Try it>
Required from the data below: the exact lines starting at the line containing "This is I, Marim" and ending at the line containing "活動現場,志愿者和學生們一起", with both ends kept and all pictures dropped.

Records provided Start Marker

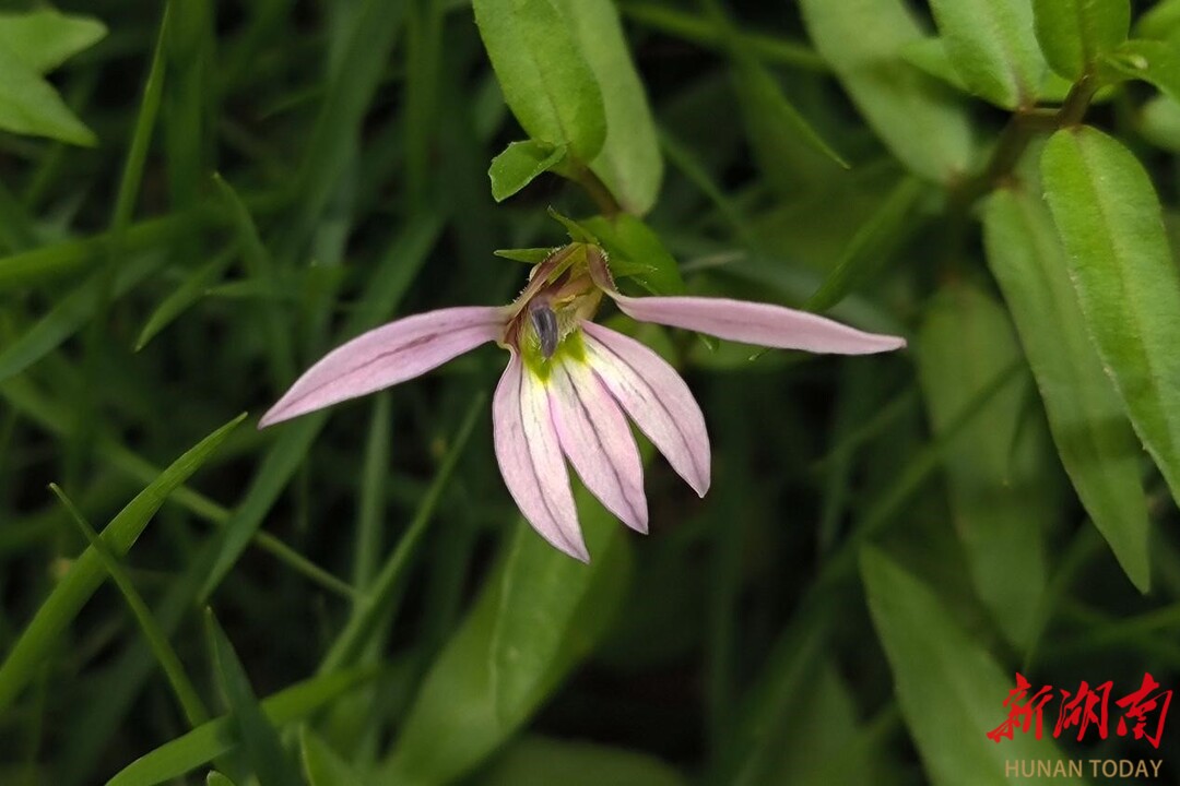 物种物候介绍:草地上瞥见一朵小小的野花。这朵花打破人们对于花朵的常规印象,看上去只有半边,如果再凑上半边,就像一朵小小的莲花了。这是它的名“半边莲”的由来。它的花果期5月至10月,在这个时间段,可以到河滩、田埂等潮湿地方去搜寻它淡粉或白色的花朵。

Records provided End Marker
Records provided Start Marker

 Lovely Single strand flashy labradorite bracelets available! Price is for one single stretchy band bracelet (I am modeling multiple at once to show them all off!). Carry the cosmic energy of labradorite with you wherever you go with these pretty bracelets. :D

Records provided End Marker
Records provided Start Marker

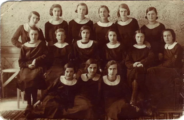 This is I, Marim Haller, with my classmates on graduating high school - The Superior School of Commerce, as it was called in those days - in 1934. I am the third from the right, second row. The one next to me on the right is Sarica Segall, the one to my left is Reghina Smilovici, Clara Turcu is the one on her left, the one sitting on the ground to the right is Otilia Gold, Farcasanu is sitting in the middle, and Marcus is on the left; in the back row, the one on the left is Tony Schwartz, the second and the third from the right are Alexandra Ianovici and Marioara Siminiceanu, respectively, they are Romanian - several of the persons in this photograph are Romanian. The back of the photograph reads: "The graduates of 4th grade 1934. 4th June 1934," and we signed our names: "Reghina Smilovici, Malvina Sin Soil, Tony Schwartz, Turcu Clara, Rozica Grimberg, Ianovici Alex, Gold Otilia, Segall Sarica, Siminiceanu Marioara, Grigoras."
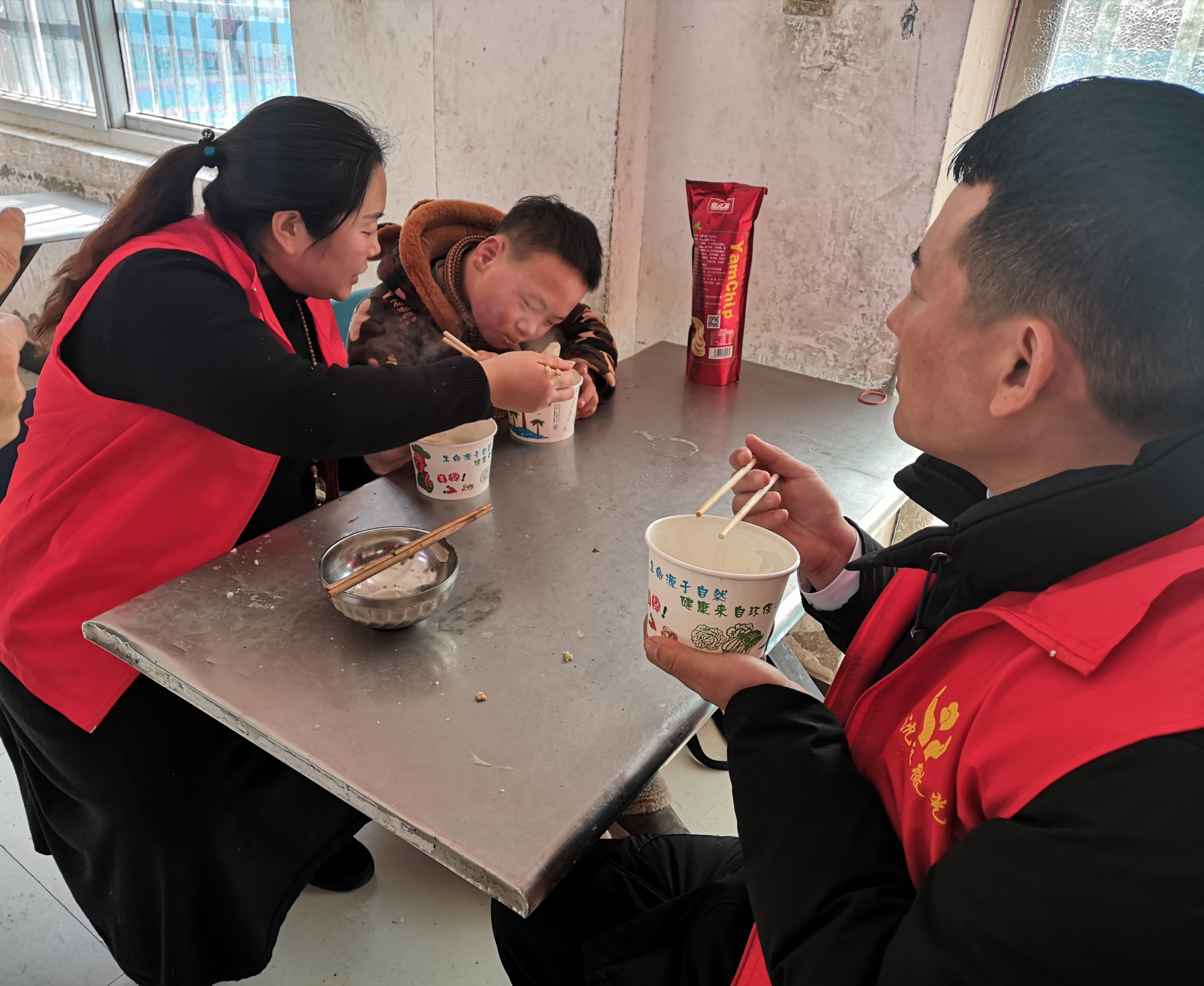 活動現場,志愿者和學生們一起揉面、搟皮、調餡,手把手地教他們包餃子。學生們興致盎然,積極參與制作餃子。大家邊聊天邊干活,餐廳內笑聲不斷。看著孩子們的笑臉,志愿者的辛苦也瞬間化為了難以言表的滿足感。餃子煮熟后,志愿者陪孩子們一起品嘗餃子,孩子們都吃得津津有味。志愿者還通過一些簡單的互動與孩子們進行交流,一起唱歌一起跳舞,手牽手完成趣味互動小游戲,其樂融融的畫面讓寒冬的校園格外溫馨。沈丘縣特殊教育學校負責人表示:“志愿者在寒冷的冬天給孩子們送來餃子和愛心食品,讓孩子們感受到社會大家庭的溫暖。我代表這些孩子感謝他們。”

Records provided End Marker

Answer box>
 This is I, Marim Haller, with my classmates on graduating high school - The Superior School of Commerce, as it was called in those days - in 1934. I am the third from the right, second row. The one next to me on the right is Sarica Segall, the one to my left is Reghina Smilovici, Clara Turcu is the one on her left, the one sitting on the ground to the right is Otilia Gold, Farcasanu is sitting in the middle, and Marcus is on the left; in the back row, the one on the left is Tony Schwartz, the second and the third from the right are Alexandra Ianovici and Marioara Siminiceanu, respectively, they are Romanian - several of the persons in this photograph are Romanian. The back of the photograph reads: "The graduates of 4th grade 1934. 4th June 1934," and we signed our names: "Reghina Smilovici, Malvina Sin Soil, Tony Schwartz, Turcu Clara, Rozica Grimberg, Ianovici Alex, Gold Otilia, Segall Sarica, Siminiceanu Marioara, Grigoras."
 活動現場,志愿者和學生們一起揉面、搟皮、調餡,手把手地教他們包餃子。學生們興致盎然,積極參與制作餃子。大家邊聊天邊干活,餐廳內笑聲不斷。看著孩子們的笑臉,志愿者的辛苦也瞬間化為了難以言表的滿足感。餃子煮熟后,志愿者陪孩子們一起品嘗餃子,孩子們都吃得津津有味。志愿者還通過一些簡單的互動與孩子們進行交流,一起唱歌一起跳舞,手牽手完成趣味互動小游戲,其樂融融的畫面讓寒冬的校園格外溫馨。沈丘縣特殊教育學校負責人表示:“志愿者在寒冷的冬天給孩子們送來餃子和愛心食品,讓孩子們感受到社會大家庭的溫暖。我代表這些孩子感謝他們。”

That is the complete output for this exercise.